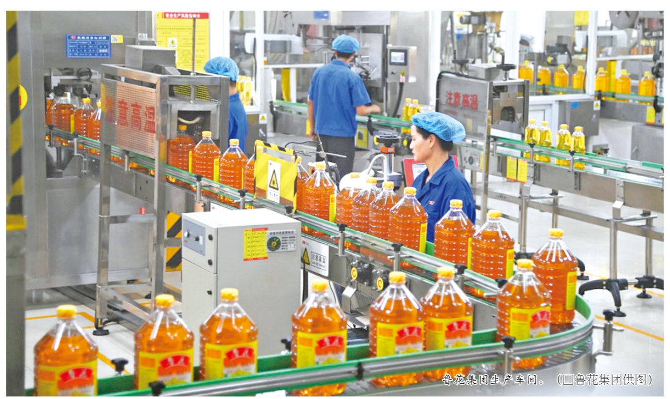
鲁花集团生产车间。

高油酸花生不仅亩产高，每吨收购价格也比普通花生高出1000—1500元。目前，鲁花集团在山东、河南、江苏、辽宁、内蒙古等地建设高油酸花生种植产业集群，发展了10万多亩良种繁育基地和1000多万亩种植原料基地，带动农民致富的同时，也从源头上保障了花生油的食用安全。只实现种子破局还远远不够，加工
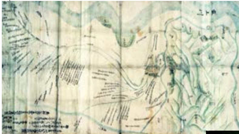
1655年 狩川大堰（北楯大堰）絵図
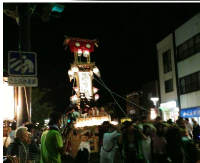
【動画1】神輿フルボッコ 【動画2】川の中でも……

山代の菖蒲湯祭りの祭りの比ではない。壮大さが違う。老若男女が深夜でも祭り会場にすることがすごい！ 青柏祭といい、石川県の能登地方はすごい隠しダマを持ってたぜ(◡_◡) こういうところに来れるのは、やっぱりかがこま倶楽部ならではのかな♪ いろんな祭りに行きたいぜ！
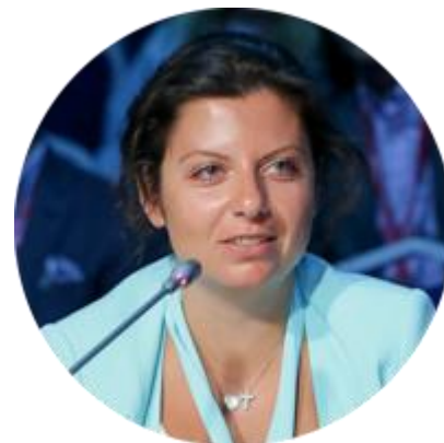
МАРГАРИТА СИМОНЬЯН ГЛАВНЫЙ РЕДАКТОР ТЕЛЕКАНАЛА RT
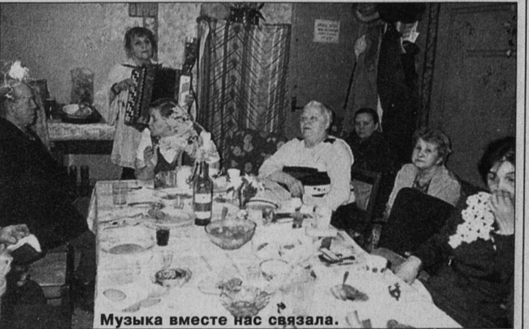
Музыка вместе нас связала.
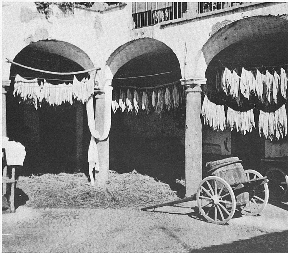
A gauche: Les arcades de cette ferme tessinoise sont utilisées comme lieu de séchage des feuilles de tabac. — Links: Der Bogengang als Tröckneraum für den Tabak. Hof eines Bauernhauses im Mendrisiotto.

On n'apprécie pourtant pas le Mendrisiotto dans tout son charme particulier si l'on se borne à traverser la plaine. Les paysages et les villages des collines valent la peine d'une visite. Voyez par exemple sur les pentes du San Giorgio le charmant village de Méride, avec ses exquises vieilles demeures, ses balcons à balustrades de fer forgé qui dessinent de fines arabesques. Ce sont les témoins d'une époque de bien-être et de goût, comme aussi les maisons de style de Ligonetto, patrie du sculpteur Vincenzo Vela; l'architecture particulière de ce bourg et sa situation pittoresque le rendent fort attachant. De l'autre côté de la vallée, Morbio Superiore et l'arc de son viaduc; l'idyllique petite église de San Martino dans son cadre de
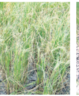
తలమట్టలో నీరలు బాదిన పొలం
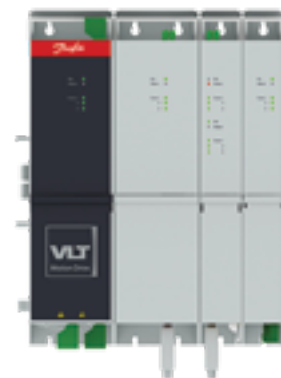
VLT® Multiaxis Servo Drive MSD 510
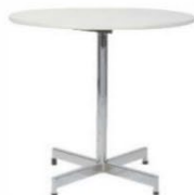
Table Table 30" x 30"H
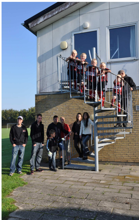
U6 holdet sep. 2011

**Work instructions**. In the records above, everything from the line with "1655年 狩川大堰（北楯大堰）絵図" down to the line with "A gauche: Les" is to be set down exactly, both ends included, with no pictures and no other lines.

**Solution for this exercise**.
1655年 狩川大堰（北楯大堰）絵図
【動画1】神輿フルボッコ 【動画2】川の中でも……

山代の菖蒲湯祭りの祭りの比ではない。壮大さが違う。老若男女が深夜でも祭り会場にすることがすごい！ 青柏祭といい、石川県の能登地方はすごい隠しダマを持ってたぜ(◡_◡) こういうところに来れるのは、やっぱりかがこま倶楽部ならではのかな♪ いろんな祭りに行きたいぜ！
МАРГАРИТА СИМОНЬЯН ГЛАВНЫЙ РЕДАКТОР ТЕЛЕКАНАЛА RT
Музыка вместе нас связала.
A gauche: Les arcades de cette ferme tessinoise sont utilisées comme lieu de séchage des feuilles de tabac. — Links: Der Bogengang als Tröckneraum für den Tabak. Hof eines Bauernhauses im Mendrisiotto.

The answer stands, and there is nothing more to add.